Ce qui fait plaisir à Antoine c’est que cette relation ne s’effiloche pas. Au contraire, elle est suivie. Se voyant régulièrement, les liens se renforcent, les deux êtres se complétant dans plusieurs domaines. Antoine, petit à petit, s’habitue à cette relation et sa philosophie amoureuse commence à changer, au grand dam de ses copains ! Gina s’arrange toujours pour lui consacrer deux ou trois soirées par semaine et quelques rares week-end, ses occupations professionnelles étant très accaparantes.

Implicitement, Antoine, pour la première fois avec une femme, agit comme s’il vivait déjà en couple. Dans une relation amoureuse, il faut tenir compte de l’affectif, mais aussi de plusieurs autres facteurs. Dans le cas présent, il est confronté à quelques soucis majeurs.
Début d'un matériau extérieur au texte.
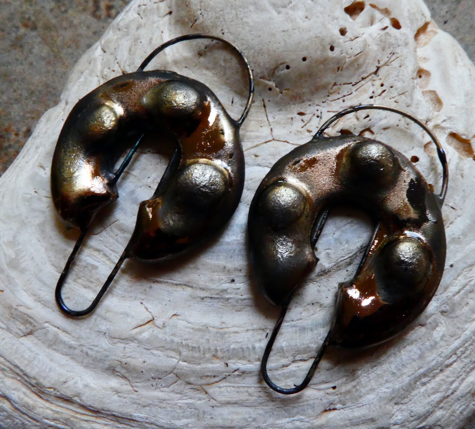 Hand formed in Earthstone, high fired. Fired again with bronze clay and Glossy Gold glaze.
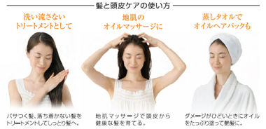 | 1 ) 毎日のケアに、洗い流さないトリートメントとして 2 ) 地肌のオイルマッサージで頭皮ケア 3 ) オイルヘアパックで集中ダメージケア
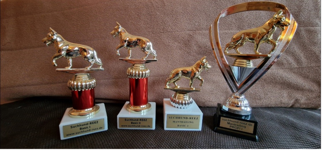 Schleichend trainiere ich mit Aiko schrittweise auch die Anforderungen für die Prüfung Profi III. Bei dieser Prüfung müssen dann Gegenstände von Gesuchter- und Verleitperson unterschieden werden, welche auf der Strecke ausgelegt sind. Am Ende muss der Hund unter mehreren Personen die gesuchte sicher anzeigen.
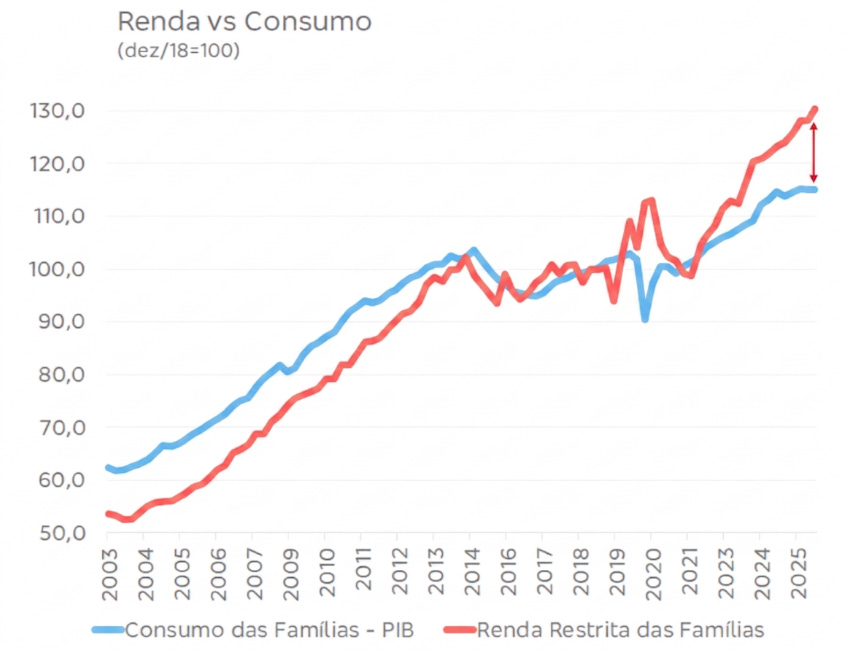 Há uma consequência em estimular a renda via crédito. A renda das famílias continuou subindo, mas o consumo parou de acompanhar. A renda disponível das famílias cresceu cerca de 4,8% em termos reais em 2025, enquanto o consumo no PIB avançou apenas 1,3%. No quarto trimestre do mesmo ano, o consumo cravou zero de crescimento.
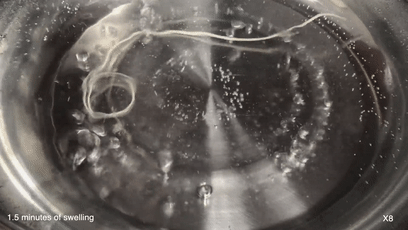 人们可以在沸水中看到一根平平无奇的普通宽面条,变成螺旋体。
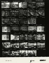 | Keywords: Ford B1760 NLGRF photo contact sheet (1976-10-09)(Gerald Ford Library).jpg White House Photographic Office WHPO is housed at the Gerald R Ford Presidential Library a branch of the National Archives and Records Administration NARA <br/><br/> This file is a 200 dpi photo contact sheet having images from roll of film B1760 of the August 9 1974 - January 20 1977 Gerald R Ford White House Photographic Office Series A0001-A9999 and B0001-B2886 photographs <br/><br/> The date on the photo contact sheet is the date the roll of film was processed not necessarily the date the photographs were taken See table below for additional details 1976-10-09 Gerald R Ford Presidential Library Image http //www fordlibrarymuseum gov/library/whphotos/B1760_NLGRF jpg B1760_NLGRF jpg from http //www fordlibrarymuseum gov/library/whphotos/19761009whpo pdf White House Photographs October 9 1976 of the http //www fordlibrarymuseum gov/Library/whphotos/whpo asp White House Photographic Collection page White House Photographic Office WHPO <br/> Creator David Hume Kennerly PD-USGov Institution Institution Gerald R Ford Presidential Library Table wikitable sortable + Photo contact sheet B1760 U S President Ford Administration Gerald R Ford Library Frame s Tone Subject proper Subject generic Names Geographic Location Photographer Date - 1A-14A BW Campaign Trip to Texas - Parade to Open the Texas State Fair - Governor of Texas GRF and Briscoe standing in limousine sun roof waving to crowd; agents flanking vehicle; various angles and distances GRF Gov Briscoe; Crowd; Secret Service Dallas TX Downtown Street Kennerly 1976-10-09 - 15A BW Kennerly 1976-10-09 - 16A BW Campaign Trip to Texas - Opening of the Texas State Fair holding large briefcase standing behind Please Keep Horses Off Grass sign Cheney Dallas TX Texas State Fairgrounds Kennerly 1976-10-09 - 17A-21A BW Campaign Trip to Texas - Opening of the Texas State Fair looking at Longhorn Cattle horns and photos mounted on wall; seated at table below horns talking writing in last 2 frames GRF Dallas TX Texas State Fairgrounds - Pan American Lounge Kennerly 1976-10-09 - 22A BW Campaign Trip to Texas - Opening of the Texas State Fair Cheney looking back toward camera; others walking past booths Cheney Others Dallas TX Texas State Fairgrounds - Midway Kennerly 1976-10-09 - 23A-25A BW Campaign Trip to Texas - Opening of the Texas State Fair shooting machine gun in shooting gallery Cheney Dallas TX Texas State Fairgrounds - Midway Kennerly 1976-10-09 - 26A-34A BW Campaign Trip to Texas - Opening of the Texas State Fair riding in Dodge'Em Cars Bumper Cars ; various angles and distances; all not in every frame; Channock on left of frame Cheney Foster Channock Penny Others Dallas TX Texas State Fairgrounds - Midway Kennerly 1976-10-09 Gerald R Ford Presidential Library and Museum-cooperation PD-USGov Contact sheets by the Ford White House October 1976 Photographs by David Hume Kennerly from 1976 |
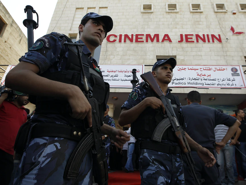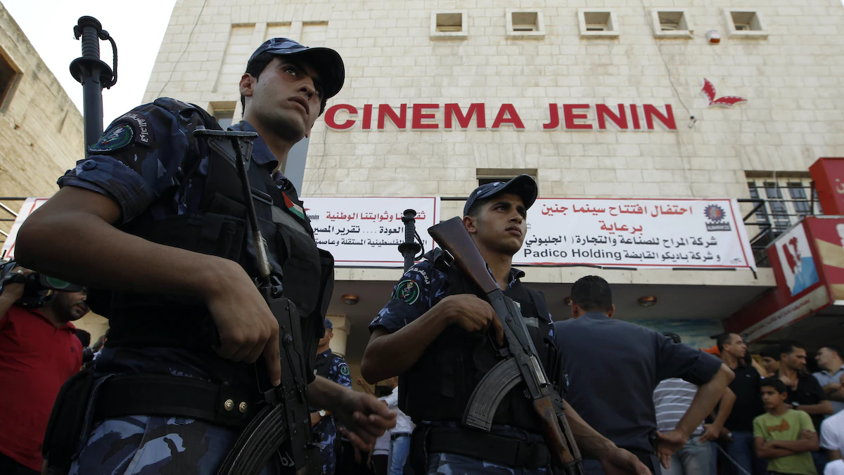 الشرطة الفلسطينية تقف خارج سينما جنين في مدينة جنين بالضفة الغربية - 5 أغسطس 2010 - REUTERS

D’abord, la différence d’âge.

Il y avait longtemps qu’Antoine, comme on le sait, célibataire endurci, n’avait pas connu de liaisons durables, tout au plus quelques mois, et encore chacun chez soi. Mais là, le problème à résoudre est le suivant : Gina n’a qu’une petite chambre de fonction à l’Hôtel. Aussi, dès qu’elle est libre, elle se rend chez son amant. Petit à petit, comme l’on dit vulgairement « elle s’est installée ! ». Cela veut dire qu’elle occupe, avec ses vêtements, des placards qu’Antoine lui a cédé gentiment. La salle de bain, quant à elle, est encombrée d’une foule de fioles diverses ! Il n’avait jamais vu çà ! Même la cuisine n’est plus comme avant ! des produits italiens ont envahi le réfrigérateur ou traînent sur les étagères ! Dans son for intérieur, il « rouspète » un peu, mais au fond est content du changement : une tornade inhabituelle est passée dans l’appartement ! Pour les années supplémentaires, cela peut encore s’arranger : coquet, beau garçon, sportif, il ne paraît pas son âge, et Gina est fière de sortir à son bras, n’ayant pas, comme beaucoup de femmes, le complexe de vivre avec quelqu’un de plus mûr ! Ensuite, rentier, il dispose de tout son temps, contrairement à sa compagne.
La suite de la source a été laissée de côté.